§ **REQUIRED WORK**:
Repeat word for word the lines from the top of the records through the line containing "このノードを使用するには、P", and skip the pictures.

Stored items from a collection:
────
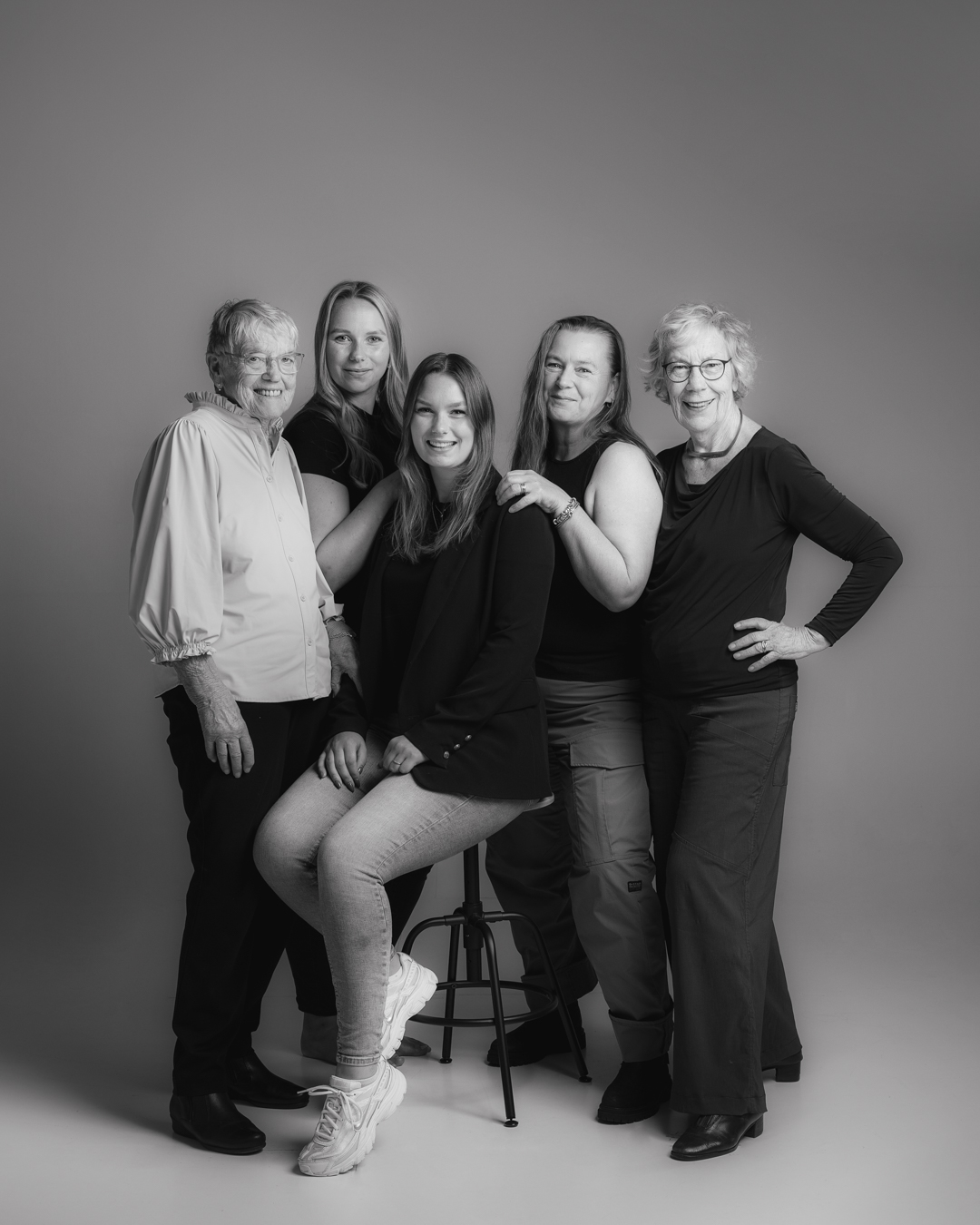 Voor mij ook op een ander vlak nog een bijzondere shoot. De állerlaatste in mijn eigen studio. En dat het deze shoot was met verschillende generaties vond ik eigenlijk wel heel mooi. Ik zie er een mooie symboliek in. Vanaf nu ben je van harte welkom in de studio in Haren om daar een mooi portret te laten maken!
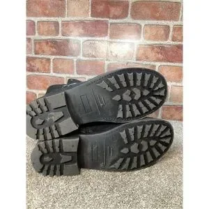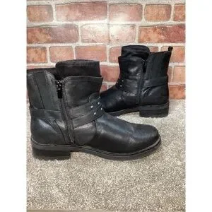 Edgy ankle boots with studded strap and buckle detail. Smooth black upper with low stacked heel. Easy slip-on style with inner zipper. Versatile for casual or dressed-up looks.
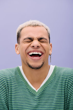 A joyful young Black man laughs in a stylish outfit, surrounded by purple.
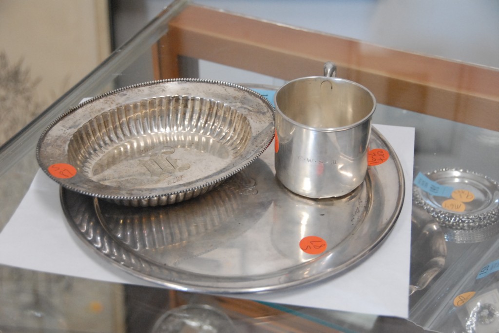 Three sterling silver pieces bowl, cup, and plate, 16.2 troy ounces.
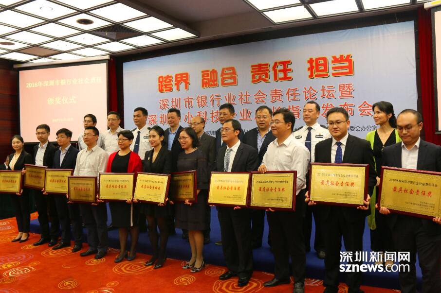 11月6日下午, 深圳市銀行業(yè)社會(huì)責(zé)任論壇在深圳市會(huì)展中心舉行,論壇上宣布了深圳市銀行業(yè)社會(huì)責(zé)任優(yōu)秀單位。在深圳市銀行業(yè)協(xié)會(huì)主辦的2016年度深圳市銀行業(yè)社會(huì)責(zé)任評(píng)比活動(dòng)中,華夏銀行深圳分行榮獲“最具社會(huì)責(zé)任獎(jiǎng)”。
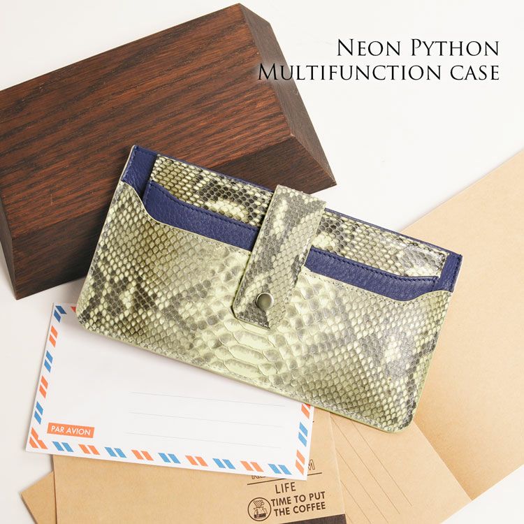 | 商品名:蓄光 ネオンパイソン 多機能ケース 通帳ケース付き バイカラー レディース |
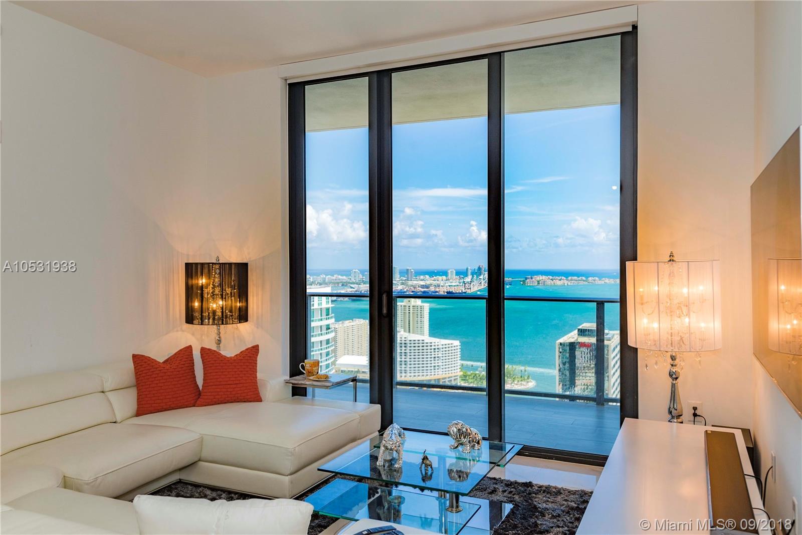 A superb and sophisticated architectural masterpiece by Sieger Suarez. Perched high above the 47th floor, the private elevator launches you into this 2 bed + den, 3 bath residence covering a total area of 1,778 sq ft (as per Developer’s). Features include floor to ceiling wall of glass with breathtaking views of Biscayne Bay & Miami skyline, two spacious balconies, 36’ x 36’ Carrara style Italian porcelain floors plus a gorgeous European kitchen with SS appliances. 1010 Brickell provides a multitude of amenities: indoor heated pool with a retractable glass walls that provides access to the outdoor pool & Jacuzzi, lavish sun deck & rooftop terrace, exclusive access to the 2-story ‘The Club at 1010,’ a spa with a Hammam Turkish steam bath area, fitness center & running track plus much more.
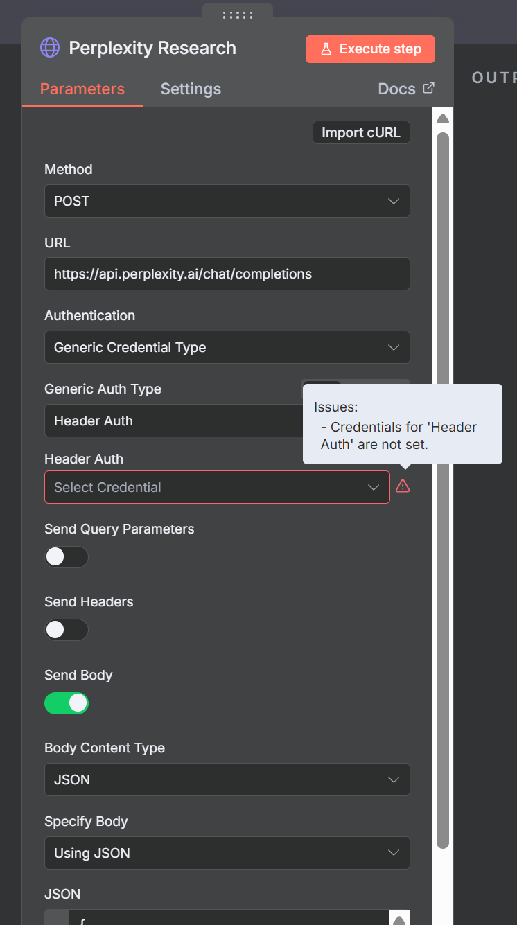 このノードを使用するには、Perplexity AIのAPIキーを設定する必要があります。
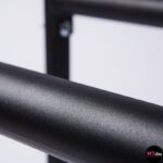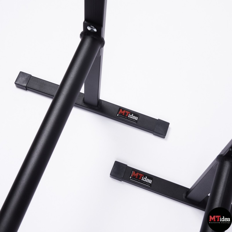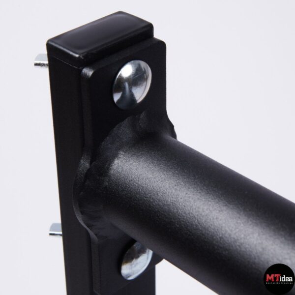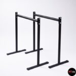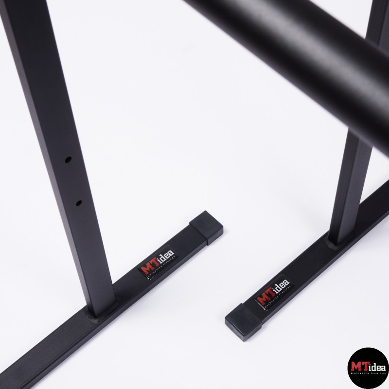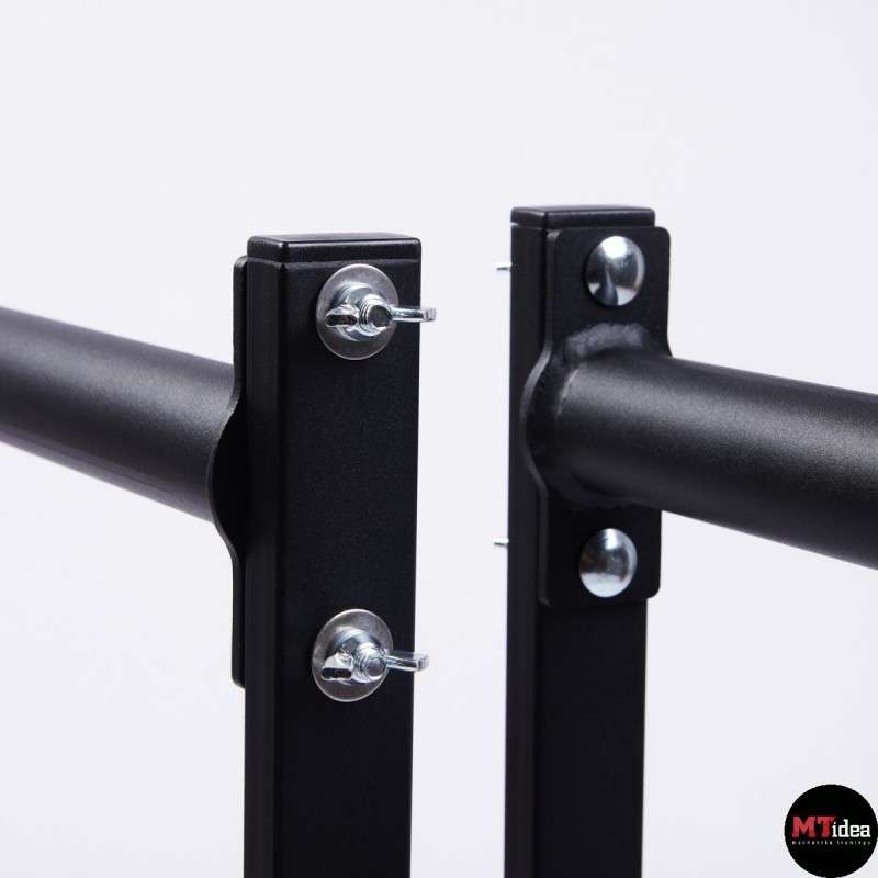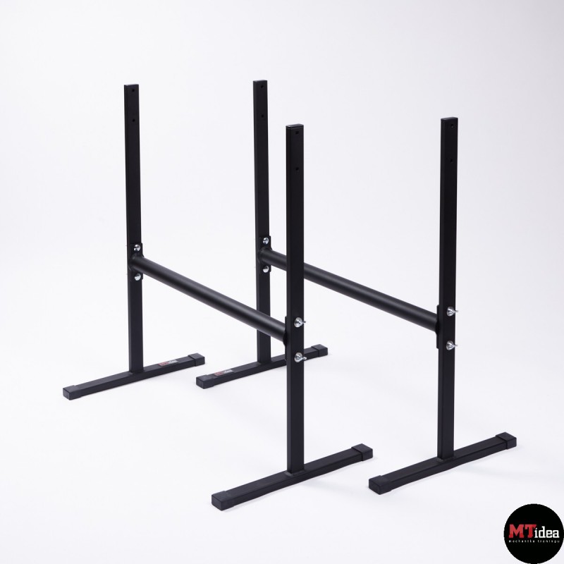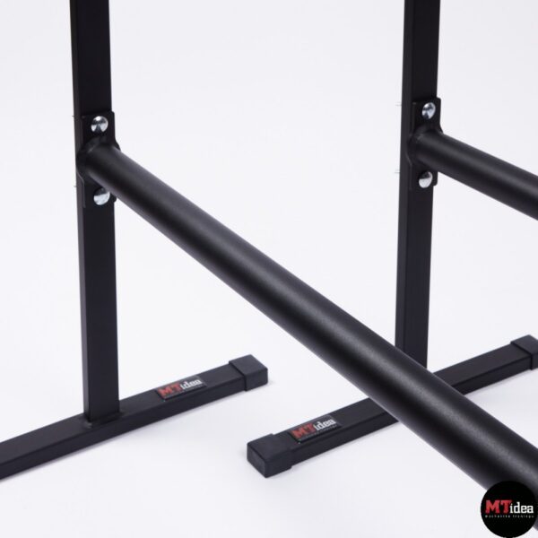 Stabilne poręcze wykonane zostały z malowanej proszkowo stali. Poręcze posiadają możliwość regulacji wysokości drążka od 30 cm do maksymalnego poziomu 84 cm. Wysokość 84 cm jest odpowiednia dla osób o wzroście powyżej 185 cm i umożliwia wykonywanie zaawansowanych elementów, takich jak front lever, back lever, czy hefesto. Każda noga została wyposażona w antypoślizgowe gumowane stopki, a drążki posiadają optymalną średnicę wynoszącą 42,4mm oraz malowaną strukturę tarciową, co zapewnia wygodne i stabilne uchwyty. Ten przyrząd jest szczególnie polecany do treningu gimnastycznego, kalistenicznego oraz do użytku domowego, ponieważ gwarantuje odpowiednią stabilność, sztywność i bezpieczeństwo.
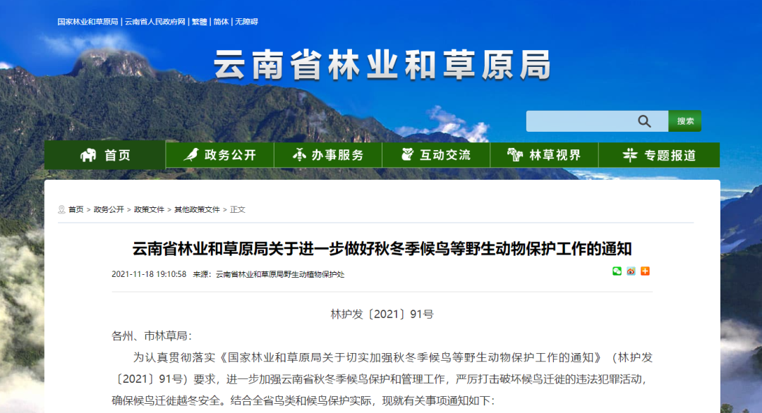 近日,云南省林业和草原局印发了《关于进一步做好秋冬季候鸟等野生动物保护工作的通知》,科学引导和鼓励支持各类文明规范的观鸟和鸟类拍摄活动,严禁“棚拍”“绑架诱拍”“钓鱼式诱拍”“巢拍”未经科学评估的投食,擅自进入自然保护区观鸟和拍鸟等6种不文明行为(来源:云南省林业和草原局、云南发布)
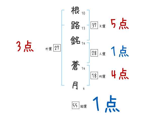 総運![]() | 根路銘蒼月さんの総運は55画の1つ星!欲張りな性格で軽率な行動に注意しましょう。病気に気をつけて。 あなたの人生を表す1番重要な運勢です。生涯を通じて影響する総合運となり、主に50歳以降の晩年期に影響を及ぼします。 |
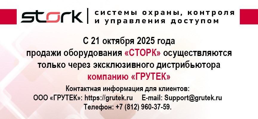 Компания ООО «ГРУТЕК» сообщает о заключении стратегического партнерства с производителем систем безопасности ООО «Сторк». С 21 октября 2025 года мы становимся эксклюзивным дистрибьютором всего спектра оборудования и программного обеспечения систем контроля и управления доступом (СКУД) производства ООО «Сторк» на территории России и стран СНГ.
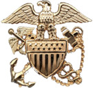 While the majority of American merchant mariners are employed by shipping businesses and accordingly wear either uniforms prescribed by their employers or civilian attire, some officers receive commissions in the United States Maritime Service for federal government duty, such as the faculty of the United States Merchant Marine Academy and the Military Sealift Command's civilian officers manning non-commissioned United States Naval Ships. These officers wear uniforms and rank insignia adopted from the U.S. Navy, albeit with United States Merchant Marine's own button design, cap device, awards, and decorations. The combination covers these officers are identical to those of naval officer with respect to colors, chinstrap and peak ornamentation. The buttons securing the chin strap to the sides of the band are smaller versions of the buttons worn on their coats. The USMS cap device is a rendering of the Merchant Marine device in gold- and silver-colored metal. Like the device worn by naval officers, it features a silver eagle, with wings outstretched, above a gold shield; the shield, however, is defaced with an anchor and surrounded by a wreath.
────
§ **RESPONSE AREA**:
 Voor mij ook op een ander vlak nog een bijzondere shoot. De állerlaatste in mijn eigen studio. En dat het deze shoot was met verschillende generaties vond ik eigenlijk wel heel mooi. Ik zie er een mooie symboliek in. Vanaf nu ben je van harte welkom in de studio in Haren om daar een mooi portret te laten maken!
 Edgy ankle boots with studded strap and buckle detail. Smooth black upper with low stacked heel. Easy slip-on style with inner zipper. Versatile for casual or dressed-up looks.
 A joyful young Black man laughs in a stylish outfit, surrounded by purple.
 Three sterling silver pieces bowl, cup, and plate, 16.2 troy ounces.
 11月6日下午, 深圳市銀行業(yè)社會(huì)責(zé)任論壇在深圳市會(huì)展中心舉行,論壇上宣布了深圳市銀行業(yè)社會(huì)責(zé)任優(yōu)秀單位。在深圳市銀行業(yè)協(xié)會(huì)主辦的2016年度深圳市銀行業(yè)社會(huì)責(zé)任評(píng)比活動(dòng)中,華夏銀行深圳分行榮獲“最具社會(huì)責(zé)任獎(jiǎng)”。
 | 商品名:蓄光 ネオンパイソン 多機能ケース 通帳ケース付き バイカラー レディース |
 A superb and sophisticated architectural masterpiece by Sieger Suarez. Perched high above the 47th floor, the private elevator launches you into this 2 bed + den, 3 bath residence covering a total area of 1,778 sq ft (as per Developer’s). Features include floor to ceiling wall of glass with breathtaking views of Biscayne Bay & Miami skyline, two spacious balconies, 36’ x 36’ Carrara style Italian porcelain floors plus a gorgeous European kitchen with SS appliances. 1010 Brickell provides a multitude of amenities: indoor heated pool with a retractable glass walls that provides access to the outdoor pool & Jacuzzi, lavish sun deck & rooftop terrace, exclusive access to the 2-story ‘The Club at 1010,’ a spa with a Hammam Turkish steam bath area, fitness center & running track plus much more.
 このノードを使用するには、Perplexity AIのAPIキーを設定する必要があります。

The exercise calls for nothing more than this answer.